Analyses of Wheat Endosperm Cell Wall Composition.

Preparation of endosperm cell-wall samples, enzymic digestion, and HPAEC analysis of resulting oligosaccharides were carried out following refs. 21 and 22, with modifications described in SI Materials and Methods. The amount of AX solubilized by this digestion (21) was estimated by monosaccharide analysis as described in ref. 23. Nonstarch polysaccharide from endosperm samples was prepared as described ref. 23 and used for monosaccharide and ¹H-NMR analyses, as described in ref. 23 and SI Materials and Methods, respectively.

Analyses of Arabidopsis Xylan.

AIR was prepared, digested, and analyzed by PACE, as described in SI Materials and Methods. Determination of xylan structure was performed by ¹H-NMR as described in SI Materials and Methods and a modified OliQuIT method and NP-LC–MALDI-ToF/ToF-MS/MS as follows.
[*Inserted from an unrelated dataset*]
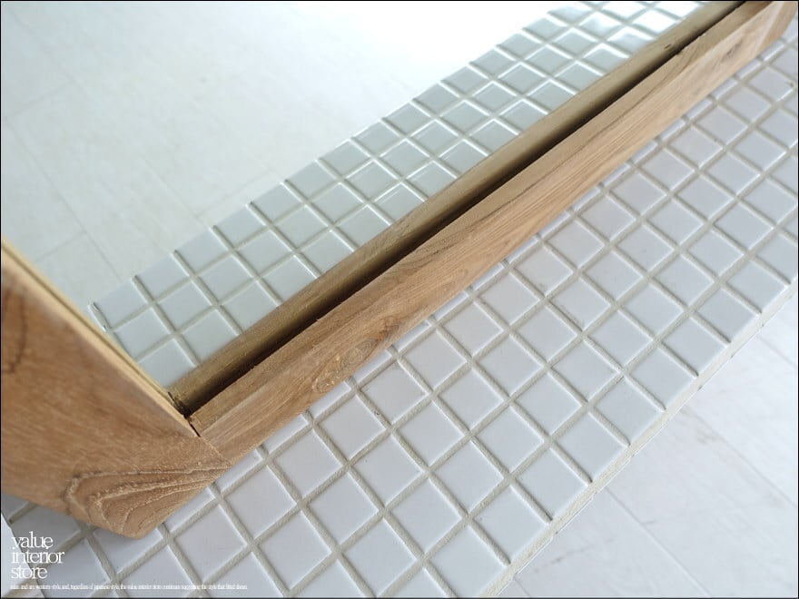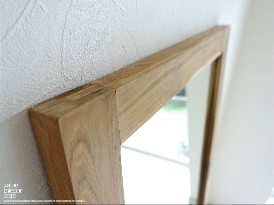 チークの木目が存分に生かされたナチュラルでアンフィニッシングフレームのミラー。

Five hundred micrograms to 1 mg AIR was alkaline-treated and digested as described in SI Materials and Methods and then dialyzed using Spectra/Por Biotech CE dialysis membrane MWC: 100–500D (Spectrum Laboratories) to remove excess of smaller fragments. For capillary NP-LC analysis using stable isotope tagging, dried-down samples were reductively aminated with light (¹²C₆) or heavy (¹³C₆) isotopes of aniline. Equal amounts of the differentially labeled samples were mixed, purified and analyzed by NP-LC coupled offline to MALDI-ToF-MS, as previously described (16). This modified OliQuIT method ensures that the chromatographic elution positions on the same oligosaccharides labeled with different isotopes are identical, allowing accurate sample comparison. For structural analysis, samples were reductively aminated with 2-aminobenzoic acid (2-AA), purified and analyzed by NP-LC–MALDI-ToF/ToF-MS/MS, as previously described (24).